Strona:J. B. Dziekoński - Sędziwój.djvu/244

Z Wikiźródeł, wolnej biblioteki
Ta strona została uwierzytelniona.

Właśnie od śmierci Arminii upłynęło lat piętnaście; rocznicę tę smutną dobrze pamiętał Jan i cichą łzą ją uświęcił, strzegł się jednak bardzo, aby panu swemu nie dać jej przypomnieć; nie wiedział biedny, że Sędziwój całą noc bezsenną przepędził, głęboką boleścią uświęcając tak dotkliwy cios dla niego.

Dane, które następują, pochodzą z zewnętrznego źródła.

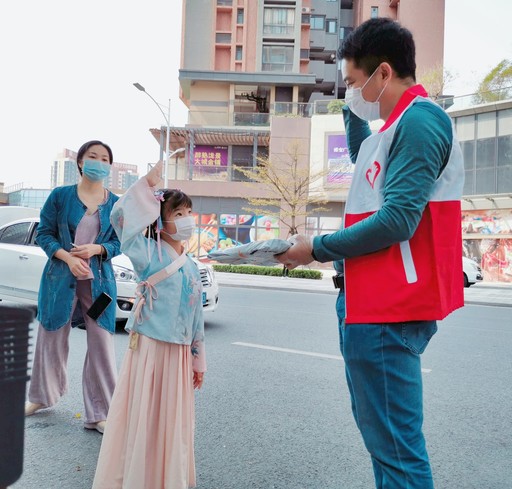 在禪城區(qū)瀧景花園門口,駱立先將郵件按樓棟號排好順序,以便迅速查找,然后逐一打電話通知客戶取件。三月的嶺南已是繁花似錦、春風拂面,不一會兒,他的頭上就滲出了細密的汗珠。收到教材,一位身穿漢服的小學生為表達感謝,向駱立敬了一個少先隊禮。駱立說這一舉動真是暖化了自己的心,再累也值得!

Cały dzień był niepogodny, przed zachodem słońca gęsta mgła opadła z gór w doliny i uprzedziła zmrok. Za nadejściem nocy wicher porwał się i, wyjąc przeraźliwie wśród skał, przodkował burzy w szalonym tańcu. Zdawało się, że posady skał drgają od wstrząśnienia powietrza.
Północ była blizka, i burza dochodziła szczytu swej gwałtowności. W zawartej pracowni alchemicznej płomień lampy migotał, a dęcia miecha na węgle przed szumem burzy nie było słychać.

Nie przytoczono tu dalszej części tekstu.